The sacred art of joining in

This is the second in a short series of backstage pieces connected to a project I did for Fuel looking at some historical precedences to NTiYN: ways in which theatre-makers, venues, and their staff, have approached the questions of audience engagement since, roughly, the 1930s. In this post, I talk to Stella Duffy: writer, theatre-maker and Fun Palace co-director. I went to her interested in a less academic, more storytelling take on Joan Littlewood’s work; I left with goosebumps and surging admiration for Stella’s passion and dedication to social change.

M: I feel like all the words for “inclusion” have been co-opted.

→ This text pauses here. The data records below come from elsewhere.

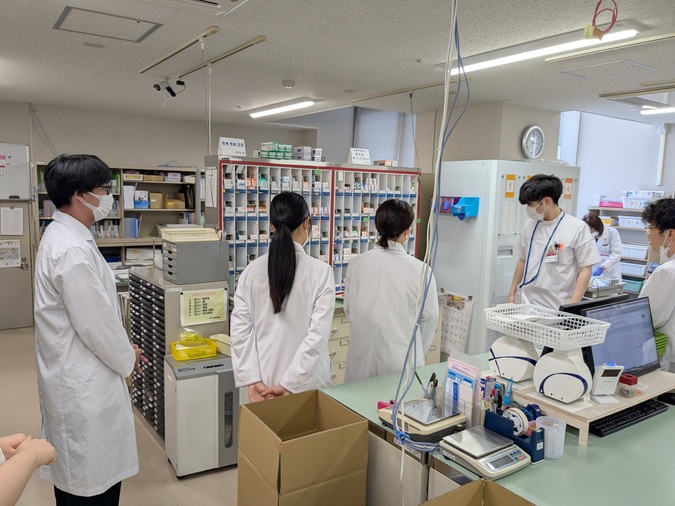令和7年8月20日、薬学部の学生を対象に「病院見学会・説明会」を開催しました。 当院の雰囲気や病院薬剤師の業務を実際に見ていただき、将来の就職先として検討してもらえるよう企画したものです。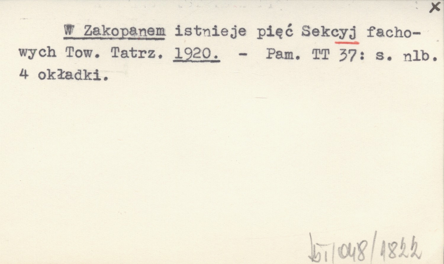 W Zakopanem istnieje pięć Sekcyj fachowych Tow. Tatrz. 1920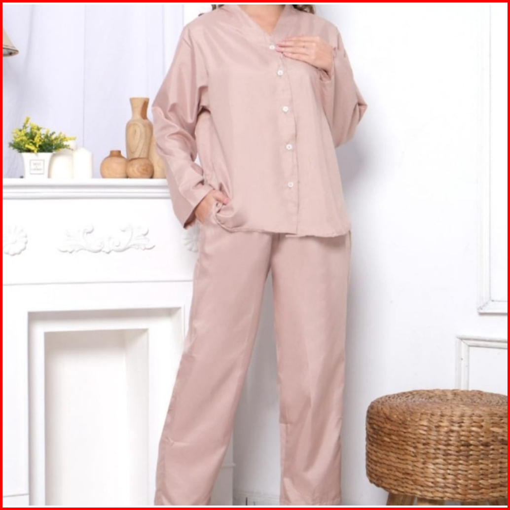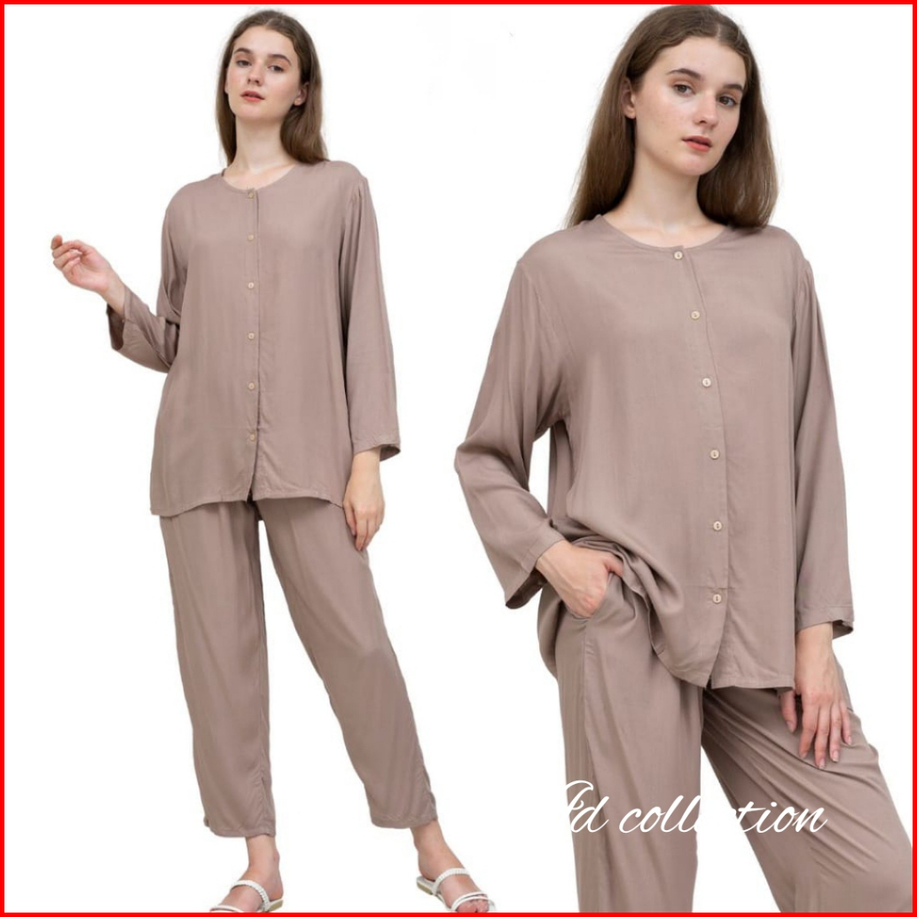 Piyama Wanita Rayon Baju Tidur Wanita Lengan Panjang Piyama Wanita Rayon Kemeja Wanita Lengan Panjang Setelan Busui Polo

S: Joining in still works really well, people aren’t using joining in. Would you like to join in? Come and join in. I’ve been saying join in a lot, because join in doesn’t say start a new thing, it doesn’t say do my thing, it says: do your thing. I think there’s a thing about saying to people: we don’t have the answer, you have your local answer, here’s what we’re doing, and where’s the crossover? I have fully expected people to be snobby, don’t you come here and tell me this, chip on shoulder, but all they have done is say thank you for coming out of London, thank you for leaving London, how brilliant. It doesn’t matter how brilliant they are and how much great stuff they’re already doing, they still say thank you for coming to us.

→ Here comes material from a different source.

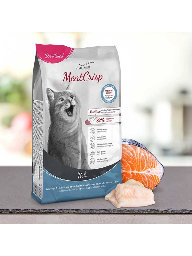 Η PLATINUM MeatCrisp είναι η πρώτη πλήρης τροφή για γάτες από φρέσκο κρέας. Περιέχει φυσικά μικροθρεπτικά συστατικά και τα αμινοξέα που βρίσκονται στο φρέσκο κρέας, καθιστώντας το PLATINUM MeatCrisp καλύτερο υποκατάστατο για τη λεία των γατών από τις περισσότερες εμπορικές τροφές για γάτες. Με την PLATINUM MeatCrisp, η γάτα σας θα αισθάνεται πιο ισορροπημένη και επομένως πιο χαρούμενη. Η τραγανή μπουκιά και η κρεάτινη γεύση κάνουν την PLATINUM MeatCrisp τόσο επιθυμητή που οι γάτες δεν θα θέλουν να την σταματήσουν. Η PLATINUM MeatCrisp δεν περιέχει κανένα ελκυστικό.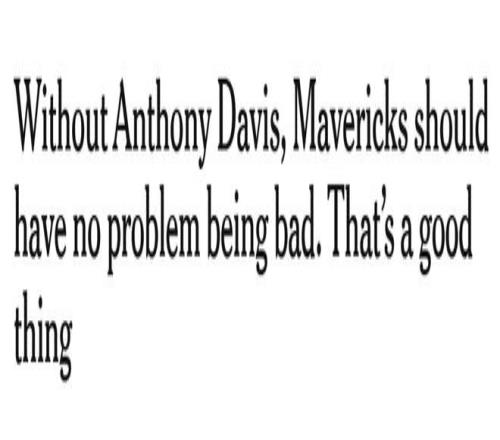 对独行侠球迷而言,唯一的慰藉或许是:球队本赛季剩余的比赛,表现越差反而越好。本赛季,戴维斯出战时,独行侠的战绩为10胜10负;他缺阵时,球队战绩仅为4胜14负。而戴维斯缺阵期间,独行侠的战绩换算成整季仅为18胜,这对球队而言,反而是件好事。

M: What’s your sense of how Joan Littlewood went about this?

S: [Theatre Workshop] were doing working men’s clubs: this is the thing we’ve forgotten. In the 30s, when she and Ewan MacColl – Jimmy Miller – were blacklisted by the BBC, they were doing working men’s clubs. We always had a tradition of that and for all I know it’s a peculiarly British tradition: there must be other European versions, but the version that we have, that Saturday night out, maybe there’s a show on, you go down to the club, that’s a very British tradition and a small-town tradition. Even here, in Brixton, there was everything here but there were still working men’s clubs. My mum and dad used to go to the pulp and paper-mill workers’ club because that’s what my mum and dad were, that was their club. It was a cheaper pub, that’s all, but they had shows, and it was often by them, by the local people for the local people.

Joan’s work pre- and post-war was trying to get people to be more political, and they did the club circuit. They would sit and chat and get pissed and go home with people – that’s what we’re not doing, we’re not shagging them enough. Seriously, they used to get in people’s lives because they weren’t so different to them.

M: Apart from the nutshell idea of the Fun Palace, what in her work do you feel you’re building on?

S: I don’t feel we’re building on the arts as we know it at all. It’s become more and more clear to me we’re building on communities not arts, and if I never see another play in a theatre where I have to sit down and be quiet, that’s fine with me. I still like those plays, but it would be very hard for me to book a ticket for something where I have to sit down and shut up, not because I’m so fucking loud but because I might want to tweet about it while it’s happening, I might want to go “oh my god that amazing thing just happened”, and that should be OK. Maybe it needs to be OK in a certain area of the theatre so other people don’t get annoyed, maybe it needs to be OK on certain nights – relaxed nights, call them what you will. I really don’t like the term relaxed, I think it’s a bit hippy, a bit in community – my mum, were she alive, would not know what that meant. We can find a better word.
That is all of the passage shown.